What is being asked
Produce a verbatim copy of the following records, leaving out all pictures.

%%

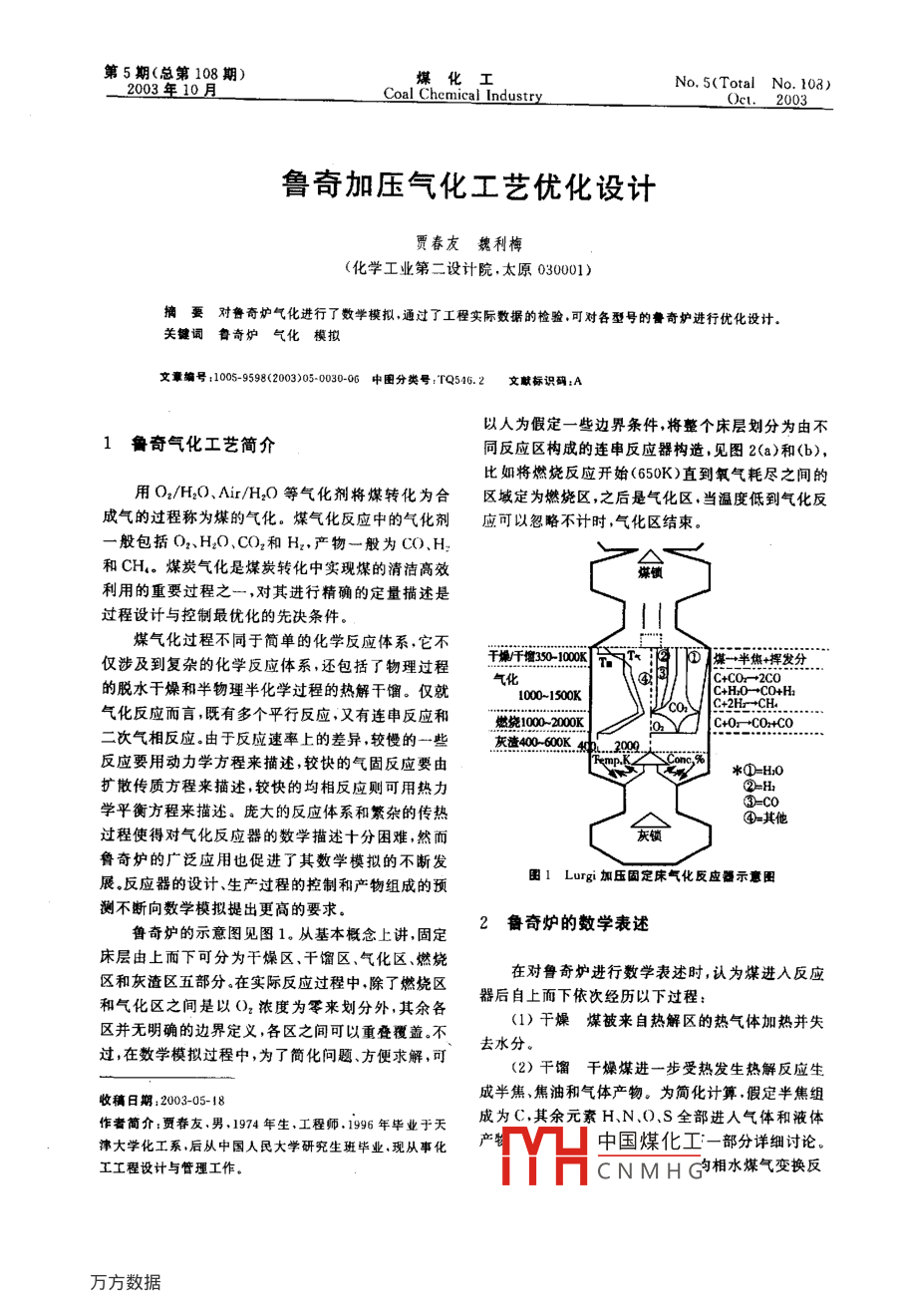 第5期(總第108期)煤化工2003年1No, 5(Total No 103Coal Chemical Industr2003魯奇加壓氣化工藝優(yōu)化設(shè)計(jì)賈春友魏利梅(化學(xué)工業(yè)第二設(shè)計(jì)院,太原03001)摘要對(duì)魯奇爐氣化進(jìn)行了數(shù)學(xué)模擬,通過了工程實(shí)際數(shù)據(jù)的檢驗(yàn)可對(duì)各型號(hào)的魯奇爐進(jìn)行優(yōu)化設(shè)計(jì)關(guān)詞魯奇爐氣化模擬文章編號(hào):1005-9598(2003)050030-06中圖分類號(hào):TQ516.2文獻(xiàn)標(biāo)識(shí)碼:A以人為假定一些邊界條件,將整個(gè)床層劃分為由不1魯奇氣化工藝簡(jiǎn)介同反應(yīng)區(qū)構(gòu)成的連串反應(yīng)器構(gòu)造,見圖2(a)和(b),比如將燃燒反應(yīng)開始(650K)直到氧氣耗盡之間的用O2/H2O、Air/H2O等氣化劑將煤轉(zhuǎn)化為合區(qū)域定為燃燒區(qū),之后是氣化區(qū),當(dāng)溫度低到氣化反成氣的過程稱為煤的氣化。煤氣化反應(yīng)中的氣化劑應(yīng)可以忽略不計(jì)時(shí),氣化區(qū)結(jié)束般包括O2H2O、CO2和H2,產(chǎn)物一般為CO、H和CH4。煤炭氣化是煤炭轉(zhuǎn)化中實(shí)現(xiàn)煤的清潔高效利用的重要過程之一,對(duì)其進(jìn)行精確的定量描述過程設(shè)計(jì)與控制最優(yōu)化的先決條件。煤氣化過程不同于簡(jiǎn)單的化學(xué)反應(yīng)體系,它不僅涉及到復(fù)雜的化學(xué)反應(yīng)體系,還包括了物理過程干燥餾350-100的脫水于燥和半物理半化學(xué)過程的熱解干餾。僅就氣化1000~1500K氣化反應(yīng)而言既有多個(gè)平行反應(yīng),又有連串反應(yīng)和燃燒10002000K次氣相反應(yīng)由于反應(yīng)速率上的差異,較慢的一些灰渣400600K反應(yīng)要用動(dòng)力學(xué)方程來描述,較快的氣固反應(yīng)要由擴(kuò)散傳質(zhì)方程來描述,較快的均相反應(yīng)則可用熱力學(xué)平衡方程來描述。龐大的反應(yīng)體系和繁雜的傳熱④=其他過程使得對(duì)氣化反應(yīng)器的數(shù)學(xué)描述十分困難,然而魯奇爐的廣泛應(yīng)用也促進(jìn)了其數(shù)學(xué)模擬的不斷發(fā)展反應(yīng)器的設(shè)計(jì)、生產(chǎn)過程的控制和產(chǎn)物組成的預(yù)圖1 Lurgi加壓固定床氣化反應(yīng)器示意圖測(cè)不斷向數(shù)學(xué)模擬提出更高的要求魯奇爐的示意圖見圖1。從基本概念上講,固定魯奇爐的數(shù)學(xué)表述床層由上面下可分為干燥區(qū)、干餾區(qū)、氣化區(qū)、燃燒區(qū)和灰渣區(qū)五部分。在實(shí)際反應(yīng)過程中除了燃燒區(qū)在對(duì)魯奇爐進(jìn)行數(shù)學(xué)表述時(shí),認(rèn)為煤進(jìn)入反應(yīng)和氣化區(qū)之間是以O(shè)2濃度為零來劃分外,其余各器后自上而下依次經(jīng)歷以下過程:區(qū)并無明確的邊界定義各區(qū)之間可以重疊覆蓋。不(1)干燥煤被來自熱解區(qū)的熱氣體加熱并失過,在數(shù)學(xué)模擬過程中,為了簡(jiǎn)化問題、方便求解,可去水分。(2)干餾干燥煤進(jìn)一步受熱發(fā)生熱解反應(yīng)生收稿日期:2003-05-18成半焦焦油和氣體產(chǎn)物。為簡(jiǎn)化計(jì)算,假定半焦組作者簡(jiǎn)介:賈春友,男,1974年生,工程師,1996年畢業(yè)于天成為C,其余元素HN、O、S全部進(jìn)入氣體和液體津大學(xué)化工系,后從中國(guó)人民大學(xué)研究生班畢業(yè),現(xiàn)從事化中國(guó)煤化工一部分詳細(xì)討論。工工程設(shè)計(jì)與管理工作CNMHG相水煤氣變換反003年10月賈春友等:魯奇加壓氣化工藝優(yōu)化設(shè)計(jì)31表1化學(xué)反應(yīng)和組分編碼自由區(qū)干燥區(qū)干燥餾區(qū)Ax+02-2-10+2-0020熱氣體干餾區(qū)4 H20氣化區(qū)CC+H2g)→C0+H2氣化區(qū)6 CH半焦D C+2H2-CHaN2(含所有隋性氣2解化性氣體ECO+H2O(g)→CO2+H2CHoN燃燒區(qū)燃燒區(qū)F干餾氣體生成反應(yīng)9 HrS灰區(qū)10半焦渣反應(yīng)氣體千餾焦溜生成反應(yīng)11灰分(a)H于燥過程3水分圖2 Lurgi固定床氣化錫分區(qū)及連串構(gòu)造模型示意圖應(yīng)為這些反應(yīng)的生成物均為重量基準(zhǔn)。在模擬計(jì)算C+HO(g)→CO+H2△H=131.306k]/mol中,所有反應(yīng)的化學(xué)計(jì)量系數(shù)取反應(yīng)方程式右側(cè)(1)為正,左側(cè)為負(fù)C+CO2→2CO△H=172.47kJ/mol…(2)對(duì)氣體組分物料衡算、固體組分物料衡算、氣體C+2H2→CH4△H=-74.84kJ/mol…(3)總能量衡算、固體總能量衡算的表述如下CO+H2O(g)→CO2+HdM△H=-41.16kJ/mol…(4)…………(6)其中前兩個(gè)反應(yīng)為強(qiáng)吸熱反應(yīng),后兩個(gè)反應(yīng)=AU,R+…弱放熱反應(yīng),故氣相自燃燒區(qū)進(jìn)入氣化區(qū)后,在向上流動(dòng)的過程中溫度迅速降低。4)燃燒半焦在燃燒區(qū)氧化生成CO)和dz=A,[-feER, 4H+sQ+Q - QmJ/CpCO2,考慮到燃燒產(chǎn)物的分布,給出如下綜合反應(yīng)式z=A-JsR△H-Q.-Qx-QmJ(Cm…AC+Q2→2(X-1)CO+(2-入)CO△H=-565.98+172.47kJ/mol其中λ介于1~2之間。干燥區(qū)僅涉及煤中水分向氣相的轉(zhuǎn)移,故(5)灰分的熱交換半焦在燃燒區(qū)發(fā)生劇烈的j=4,13。相應(yīng)的衡算方程為:氧化燃燒反應(yīng)后,熾熱的灰分進(jìn)入灰分區(qū),同溫度較az=ARs……(10)低的氣化劑發(fā)生熱交換,一方面對(duì)氣化劑進(jìn)行預(yù)熱;另一方面使灰分的溫度降至適宜排放的溫度。dC=a,Rs.……(11)在對(duì)魯奇爐進(jìn)行數(shù)學(xué)表述時(shí),由于涉及的反應(yīng)反應(yīng)速率R8和R扌之間存在如下關(guān)系:組分、溫度、組成等變量數(shù)目很
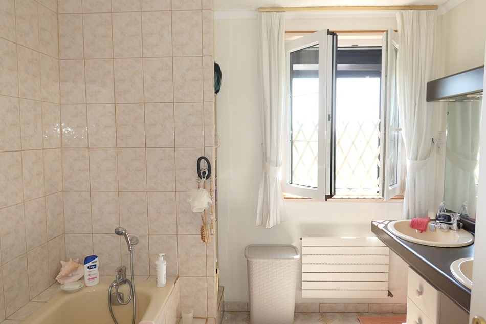 A l'étage : palier, 2 chambres dont 1 avec placard, salle de bains-wc
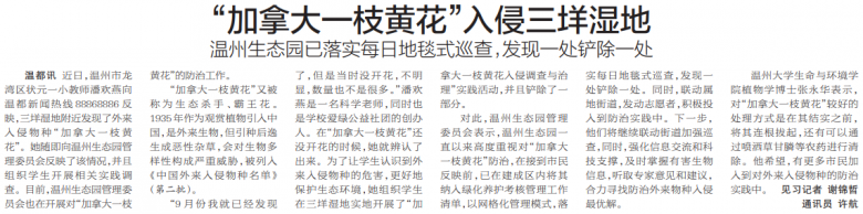 近日,温州市龙湾区状元一小教师潘欢燕向温都新闻热线88868886反映,三垟湿地附近发现了外来入侵物种“加拿大一枝黄花”。她随即向温州生态园管理委员会反映了该情况,并且组织学生开展相关实践调查。目前,温州生态园管理委员会也在开展对“加拿大一枝黄花”的防治工作。
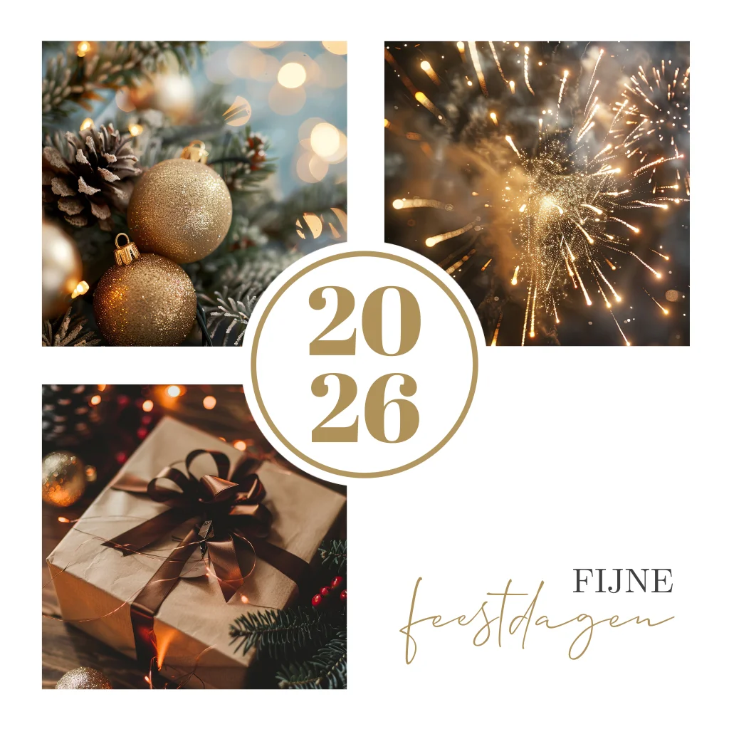 Kerstkaart verdeeld in 4 vlakken waarvan 3 sfeerfoto's van Kerstmis en Nieuwjaar en het onderste vlak recht voor de tekst. In het midden van de kaart het jaartal 2026.
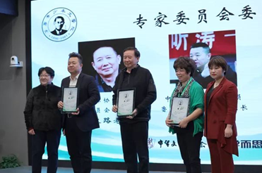 中华文学基金会秘书长李小慧(左一)、学而思大语文负责人李林(右一)为著名作家邱华栋、张之路、袁敏(分别为左二,左三,左四)颁发专家委员会委员聘书

%%

Response area
 第5期(總第108期)煤化工2003年1No, 5(Total No 103Coal Chemical Industr2003魯奇加壓氣化工藝優(yōu)化設(shè)計(jì)賈春友魏利梅(化學(xué)工業(yè)第二設(shè)計(jì)院,太原03001)摘要對(duì)魯奇爐氣化進(jìn)行了數(shù)學(xué)模擬,通過了工程實(shí)際數(shù)據(jù)的檢驗(yàn)可對(duì)各型號(hào)的魯奇爐進(jìn)行優(yōu)化設(shè)計(jì)關(guān)詞魯奇爐氣化模擬文章編號(hào):1005-9598(2003)050030-06中圖分類號(hào):TQ516.2文獻(xiàn)標(biāo)識(shí)碼:A以人為假定一些邊界條件,將整個(gè)床層劃分為由不1魯奇氣化工藝簡(jiǎn)介同反應(yīng)區(qū)構(gòu)成的連串反應(yīng)器構(gòu)造,見圖2(a)和(b),比如將燃燒反應(yīng)開始(650K)直到氧氣耗盡之間的用O2/H2O、Air/H2O等氣化劑將煤轉(zhuǎn)化為合區(qū)域定為燃燒區(qū),之后是氣化區(qū),當(dāng)溫度低到氣化反成氣的過程稱為煤的氣化。煤氣化反應(yīng)中的氣化劑應(yīng)可以忽略不計(jì)時(shí),氣化區(qū)結(jié)束般包括O2H2O、CO2和H2,產(chǎn)物一般為CO、H和CH4。煤炭氣化是煤炭轉(zhuǎn)化中實(shí)現(xiàn)煤的清潔高效利用的重要過程之一,對(duì)其進(jìn)行精確的定量描述過程設(shè)計(jì)與控制最優(yōu)化的先決條件。煤氣化過程不同于簡(jiǎn)單的化學(xué)反應(yīng)體系,它不僅涉及到復(fù)雜的化學(xué)反應(yīng)體系,還包括了物理過程干燥餾350-100的脫水于燥和半物理半化學(xué)過程的熱解干餾。僅就氣化1000~1500K氣化反應(yīng)而言既有多個(gè)平行反應(yīng),又有連串反應(yīng)和燃燒10002000K次氣相反應(yīng)由于反應(yīng)速率上的差異,較慢的一些灰渣400600K反應(yīng)要用動(dòng)力學(xué)方程來描述,較快的氣固反應(yīng)要由擴(kuò)散傳質(zhì)方程來描述,較快的均相反應(yīng)則可用熱力學(xué)平衡方程來描述。龐大的反應(yīng)體系和繁雜的傳熱④=其他過程使得對(duì)氣化反應(yīng)器的數(shù)學(xué)描述十分困難,然而魯奇爐的廣泛應(yīng)用也促進(jìn)了其數(shù)學(xué)模擬的不斷發(fā)展反應(yīng)器的設(shè)計(jì)、生產(chǎn)過程的控制和產(chǎn)物組成的預(yù)圖1 Lurgi加壓固定床氣化反應(yīng)器示意圖測(cè)不斷向數(shù)學(xué)模擬提出更高的要求魯奇爐的示意圖見圖1。從基本概念上講,固定魯奇爐的數(shù)學(xué)表述床層由上面下可分為干燥區(qū)、干餾區(qū)、氣化區(qū)、燃燒區(qū)和灰渣區(qū)五部分。在實(shí)際反應(yīng)過程中除了燃燒區(qū)在對(duì)魯奇爐進(jìn)行數(shù)學(xué)表述時(shí),認(rèn)為煤進(jìn)入反應(yīng)和氣化區(qū)之間是以O(shè)2濃度為零來劃分外,其余各器后自上而下依次經(jīng)歷以下過程:區(qū)并無明確的邊界定義各區(qū)之間可以重疊覆蓋。不(1)干燥煤被來自熱解區(qū)的熱氣體加熱并失過,在數(shù)學(xué)模擬過程中,為了簡(jiǎn)化問題、方便求解,可去水分。(2)干餾干燥煤進(jìn)一步受熱發(fā)生熱解反應(yīng)生收稿日期:2003-05-18成半焦焦油和氣體產(chǎn)物。為簡(jiǎn)化計(jì)算,假定半焦組作者簡(jiǎn)介:賈春友,男,1974年生,工程師,1996年畢業(yè)于天成為C,其余元素HN、O、S全部進(jìn)入氣體和液體津大學(xué)化工系,后從中國(guó)人民大學(xué)研究生班畢業(yè),現(xiàn)從事化中國(guó)煤化工一部分詳細(xì)討論。工工程設(shè)計(jì)與管理工作CNMHG相水煤氣變換反003年10月賈春友等:魯奇加壓氣化工藝優(yōu)化設(shè)計(jì)31表1化學(xué)反應(yīng)和組分編碼自由區(qū)干燥區(qū)干燥餾區(qū)Ax+02-2-10+2-0020熱氣體干餾區(qū)4 H20氣化區(qū)CC+H2g)→C0+H2氣化區(qū)6 CH半焦D C+2H2-CHaN2(含所有隋性氣2解化性氣體ECO+H2O(g)→CO2+H2CHoN燃燒區(qū)燃燒區(qū)F干餾氣體生成反應(yīng)9 HrS灰區(qū)10半焦渣反應(yīng)氣體千餾焦溜生成反應(yīng)11灰分(a)H于燥過程3水分圖2 Lurgi固定床氣化錫分區(qū)及連串構(gòu)造模型示意圖應(yīng)為這些反應(yīng)的生成物均為重量基準(zhǔn)。在模擬計(jì)算C+HO(g)→CO+H2△H=131.306k]/mol中,所有反應(yīng)的化學(xué)計(jì)量系數(shù)取反應(yīng)方程式右側(cè)(1)為正,左側(cè)為負(fù)C+CO2→2CO△H=172.47kJ/mol…(2)對(duì)氣體組分物料衡算、固體組分物料衡算、氣體C+2H2→CH4△H=-74.84kJ/mol…(3)總能量衡算、固體總能量衡算的表述如下CO+H2O(g)→CO2+HdM△H=-41.16kJ/mol…(4)…………(6)其中前兩個(gè)反應(yīng)為強(qiáng)吸熱反應(yīng),后兩個(gè)反應(yīng)=AU,R+…弱放熱反應(yīng),故氣相自燃燒區(qū)進(jìn)入氣化區(qū)后,在向上流動(dòng)的過程中溫度迅速降低。4)燃燒半焦在燃燒區(qū)氧化生成CO)和dz=A,[-feER, 4H+sQ+Q - QmJ/CpCO2,考慮到燃燒產(chǎn)物的分布,給出如下綜合反應(yīng)式z=A-JsR△H-Q.-Qx-QmJ(Cm…AC+Q2→2(X-1)CO+(2-入)CO△H=-565.98+172.47kJ/mol其中λ介于1~2之間。干燥區(qū)僅涉及煤中水分向氣相的轉(zhuǎn)移,故(5)灰分的熱交換半焦在燃燒區(qū)發(fā)生劇烈的j=4,13。相應(yīng)的衡算方程為:氧化燃燒反應(yīng)后,熾熱的灰分進(jìn)入灰分區(qū),同溫度較az=ARs……(10)低的氣化劑發(fā)生熱交換,一方面對(duì)氣化劑進(jìn)行預(yù)熱;另一方面使灰分的溫度降至適宜排放的溫度。dC=a,Rs.……(11)在對(duì)魯奇爐進(jìn)行數(shù)學(xué)表述時(shí),由于涉及的反應(yīng)反應(yīng)速率R8和R扌之間存在如下關(guān)系:組分、溫度、組成等變量數(shù)目很
 A l'étage : palier, 2 chambres dont 1 avec placard, salle de bains-wc
 近日,温州市龙湾区状元一小教师潘欢燕向温都新闻热线88868886反映,三垟湿地附近发现了外来入侵物种“加拿大一枝黄花”。她随即向温州生态园管理委员会反映了该情况,并且组织学生开展相关实践调查。目前,温州生态园管理委员会也在开展对“加拿大一枝黄花”的防治工作。
 Kerstkaart verdeeld in 4 vlakken waarvan 3 sfeerfoto's van Kerstmis en Nieuwjaar en het onderste vlak recht voor de tekst. In het midden van de kaart het jaartal 2026.
 中华文学基金会秘书长李小慧(左一)、学而思大语文负责人李林(右一)为著名作家邱华栋、张之路、袁敏(分别为左二,左三,左四)颁发专家委员会委员聘书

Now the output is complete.